The Administration announced that much of the oil was eaten by bacteria. A report in Science disagrees with the government estimates:

“Oceanographers from the Woods Hole Oceanographic Institution (WHOI) in Massachusetts surveyed the gulf around the BP well from the research ship Endeavor from 19 to 28 June, a period of heavy flow. Led by oceanographer Richard Camilli, the team deployed an array of instruments on both a cable-lowered water sampler and an autonomous underwater vehicle. All told, the instrumentation made more than 57,000 separate chemical analyses of a plume southwest of the well.

“The first thing that the researchers noticed was that the plume wasn’t quite as massive as many news reports had made out. The plume surveyed by Endeavor was only 200 meters thick and about 2 kilometers wide. Although plenty of oil was flowing from the ruptured well, it didn’t look much like an underwater oil slick. The team’s camera picked up a yellowish fog half a kilometer from the well, and water samples farther from the well did not look or smell like oil. “The plume was not a river of Hershey’s syrup,” says marine geochemist Christopher Reddy of the WHOI group.

“The plume did, however, contain more than 50 micrograms per liter (about 0.05 parts per million) of a group of particularly toxic petroleum compounds that includes benzene, the team reports online today in Science. That amount of benzene-related petroleum compounds is roughly consistent with the 1 to 2 parts per million of total oil reported in plumes by some other researchers.

“On the microbe front, the WHOI team also found differences. A report released last week by a group of federal agencies led by the National Oceanic and Atmospheric Administration stated—without documentation—that early signs show the oil is “biodegrading quickly.” Not so in the southwest plume in late June, the WHOI researchers found. Their measurements of oxygen dissolved in seawater, which bacteria consume as they feed, showed that microbes had not appreciably degraded the oil during its first 5 days out of the well.”

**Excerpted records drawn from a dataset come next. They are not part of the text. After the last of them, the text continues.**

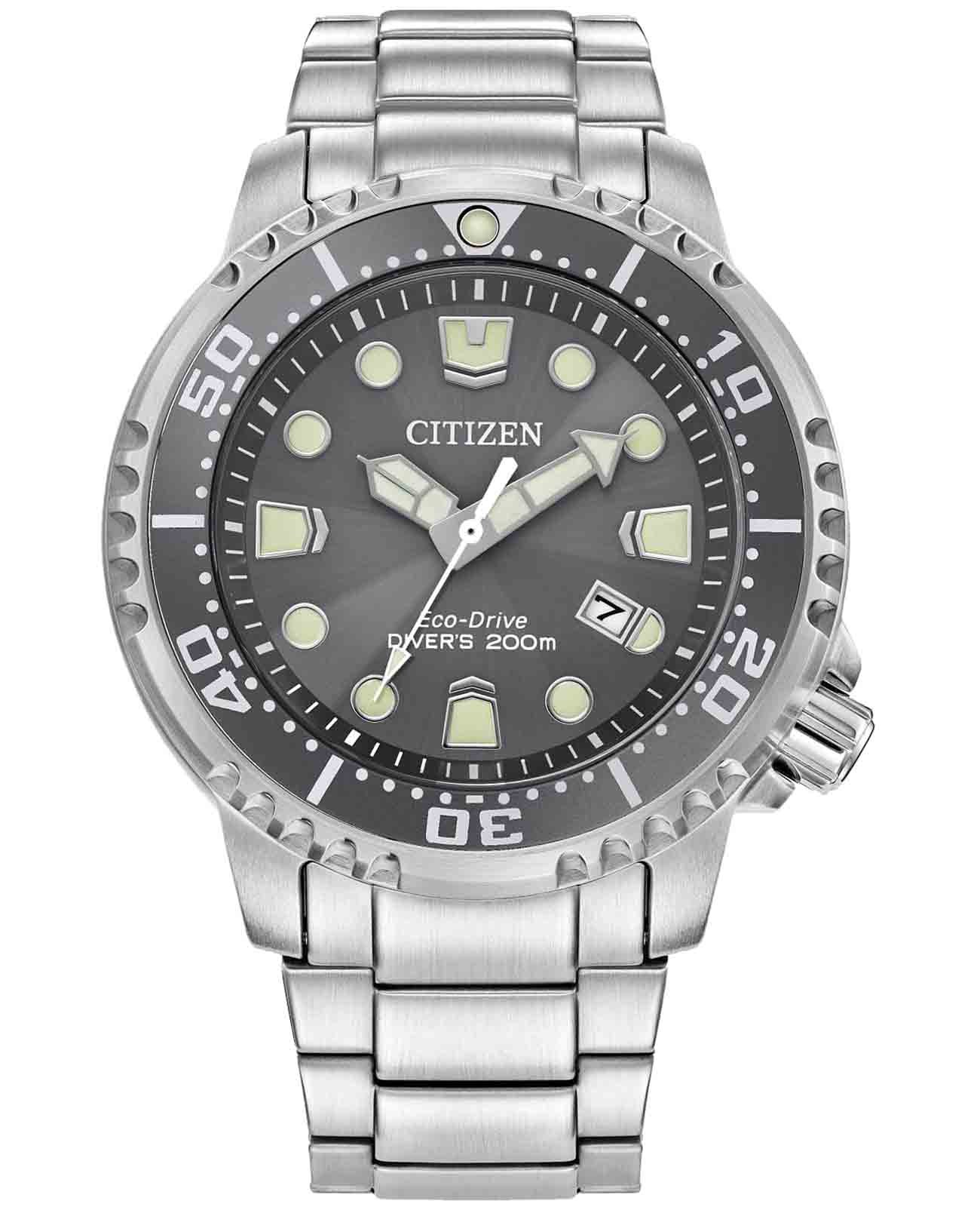 Мужские часы Citizen Promaster BN0167-50H спортивного дизайна с высоким уровнем водозащиты. Корпус из нержавеющей стали диаметром 44 мм идеально сбалансирован. Минеральное стеклоМинеральное стеклоМинеральное стекло представляет собой искусственно выращенный минерал кварца. Такое стекло отличается особой устойчивостью к повреждениям и царапинам. Уступает по некоторым качествам сапфировому стеклу. обеспечивает отличную защиту циферблата от царапин. Часы работают на основе кварцевого механизма, питание от солнечной энергии, запас энергии на 180 дней. Стальной браслет на раскладной застёжкеРаскладная застёжкаТакой тип застёжки используется только на браслетах из металла. Она никогда не раскрывается полностью, происходит разделение на 2 и более частей. Раскладывающая застёжка снизит вероятность потери часов к минимуму. идеально дополняют дизайн часов, обеспечивая комфортное ношение. Стрелки и метки на циферблате имеют люминесцентное покрытиеЛюминесцентное покрытиеПозволяет считывать показания времени в темноте. Производители наносят на стрелки, часовые индексы, безель или поверхность циферблата светонакопительный состав, дающий холодное свечение. позволяющее легко определять время даже в темноте. БезельБезельВнешний ободок, закрепляющий стекло. В спортивных часах так называется поворотное кольцо с делениями на циферблате, выполняет роль таймера – замеряет отрезки времени на шкале. Неподвижный безель – элемент декора. Однонаправленно вращающийся безель на дайверских часах позволяет фиксировать моменты погружения и выныривания на поверхность. вращается в одном направлении. Функция индикации заряда (EOL) и предотвращения перезарядки. Окошко даты находится в положении 4 часа. Часы обладают впечатляющей водонепроницаемостью до 200WR, что делает их идеальными для плавания, ныряния и погружений с аквалангом.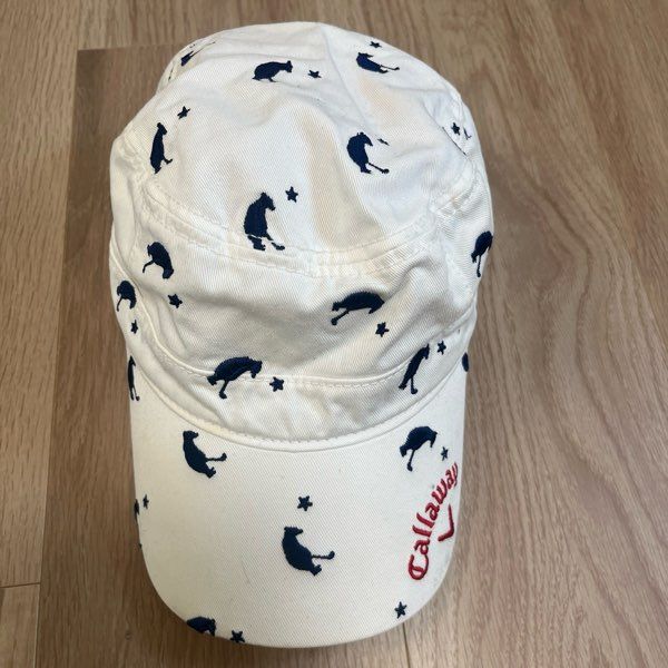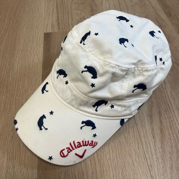 【商品名】キャップ 帽子 コットン100% ゴルフ 動物柄 ロゴ レディース フリー(55-57cm)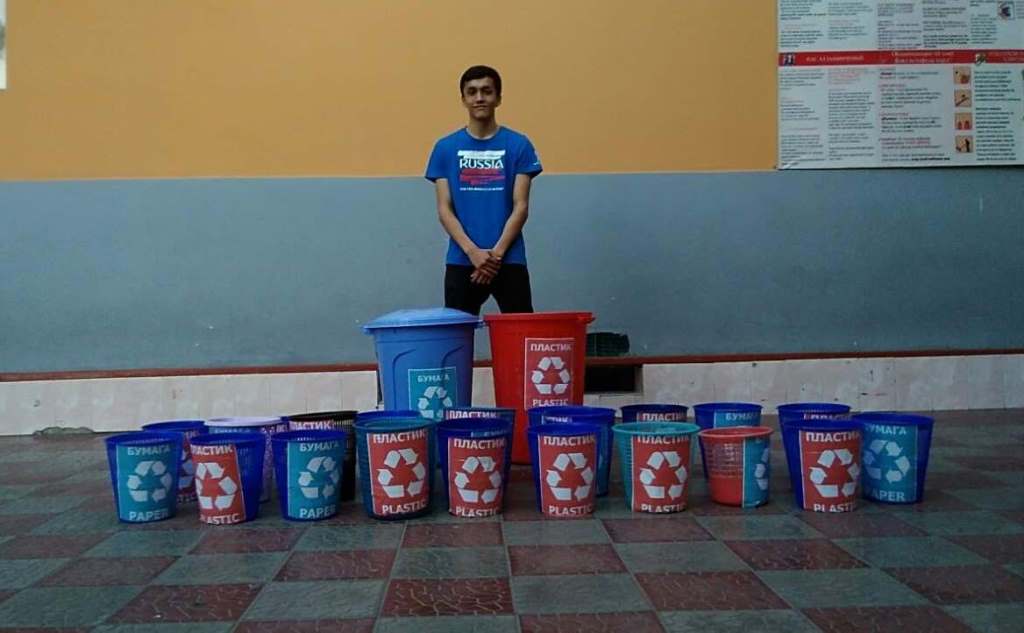 Проект «Внедрение системы управления отходами в школе путем установки мусорных баков» был реализован учащимся одной из худжандских частных школ Манучехром Насимовым.  Получив поддержку от администрации школы, Манучехр установил 40 урн для утилизации отходов из пластика, бумаги и общего мусора в 20-ти классах школы, и наладил  вывоз отходов  в предприятия для переработки бумаги и пластика. Чтоб внедрить культуру обращения и переработки отходов, Манучехр провел презентацию для учащихся. В результате школа частично решила проблему загрязнения окружающей среды и получила дополнительное финансирование.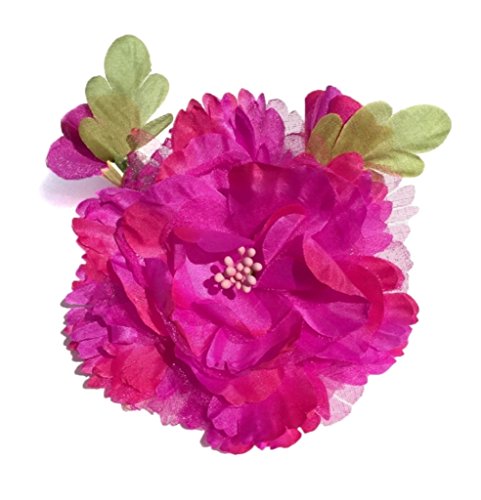 Cuteque International Organza and Silk Peony with 2 Rosebuds Attached (Pack of 3), 4", Azalea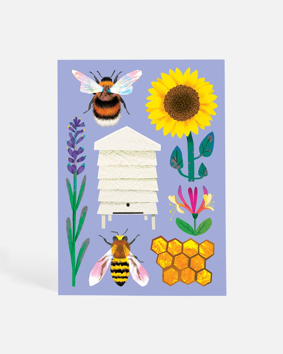 Showcasing the busy world of pollinators with the humble garden bumblebee, “Ballard” sunflower, “Imperial Gem” lavender, human-made WBC beehive, “Serotina” honeysuckle, honeybee, and a piece of honeycomb. This card captures the charm of British summer meadows. Perfect for bee and nature lovers.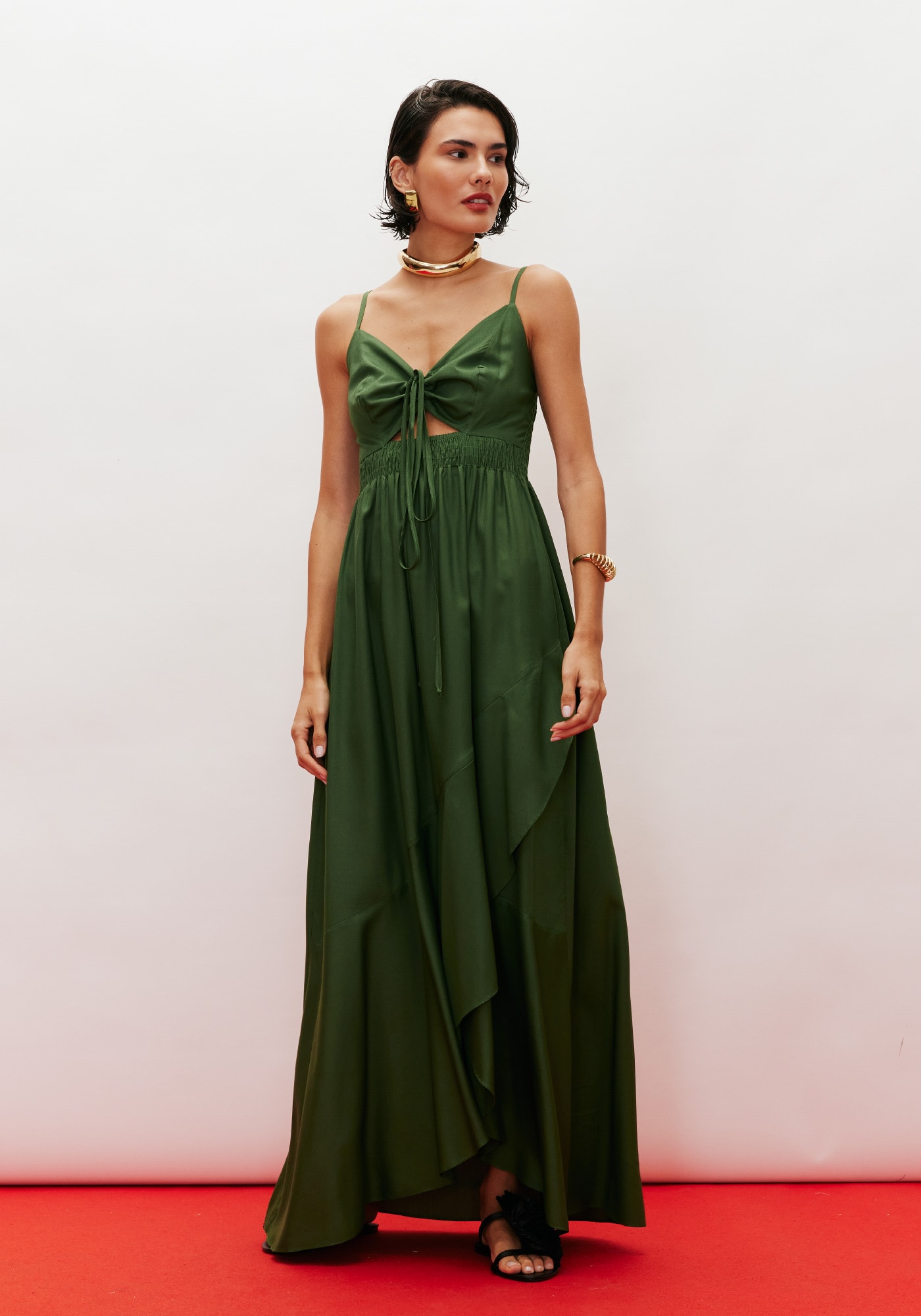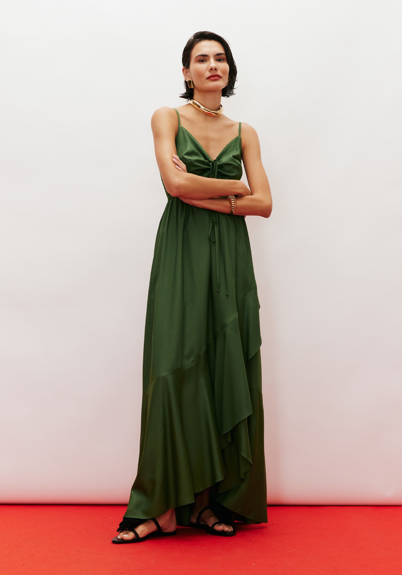 O vestido longo é uma explosão debeleza. Confeccionado em tecido 100% viscose, é um modelo de alcinha comamarração em túnel no busto e pala em lastex. O babado na lateral dá movimento efluidez à peça. Para maior conforto e adaptabilidade ao corpo, possui lastexnas costas também.

The New York Times opines “So far, scientific information about the gulf has emerged largely from government reports and statements issued by scientists. Many additional research papers are in the works, and it could be months before a clear scientific picture emerges.

“The slow breakdown of deep oil that Dr. Camilli’s group found had a silver lining: it meant that the bacteria trying to eat the oil did not appear to have consumed an excessive amount of oxygen in the vicinity of the spill, alleviating concerns that the oxygen might have declined so much that it threatened sea life. On this point, Dr. Camilli’s research backs statements that the government has been making for weeks.”

More disagreement with government estimates comes from University of Georgia researchers. They claim that as much as 79% of the oil spilled from the Deepwater Horizon well could in fact remain at large in the Gulf of Mexico, where it still poses a threat to the marine ecosystem. The graphic below shows their oil budget.


Only time and more research will tell who’s estimate is closer to reality.

The Gulf oil spill is estimated at 4.9 million barrels (about 206 million gallons). Let’s put that in perspective.

“A 2003 research paper by Kvenvolden and Cooper in Geo-Marine Letters estimated that natural seeps dump 140,000 metric tons of crude oil into the Gulf of Mexico each year –over one million barrels of crude per year. In fact, the authors estimate that 47% of all the petroleum found in the sea is from natural seeps – the largest single source, ahead of airborne pollution, ground runoff and drilling/shipping accidents,” says the Energy Tribune.

The Woods Hole Oceanographic Institution says there is an oil spill every day at Coal Oil Point, the natural seeps off Santa Barbara, California, where 20-25 tons of oil (about 7,500 gallons) have leaked from the sea floor each day for the last several hundred thousand years (at least 800 billion gallons). The Woods Hole scientist say that some oil is degraded by microorganisms and some evaporates, but most of it winds up in the ocean sediments. Could a similar process have produced the Canadian tar sands?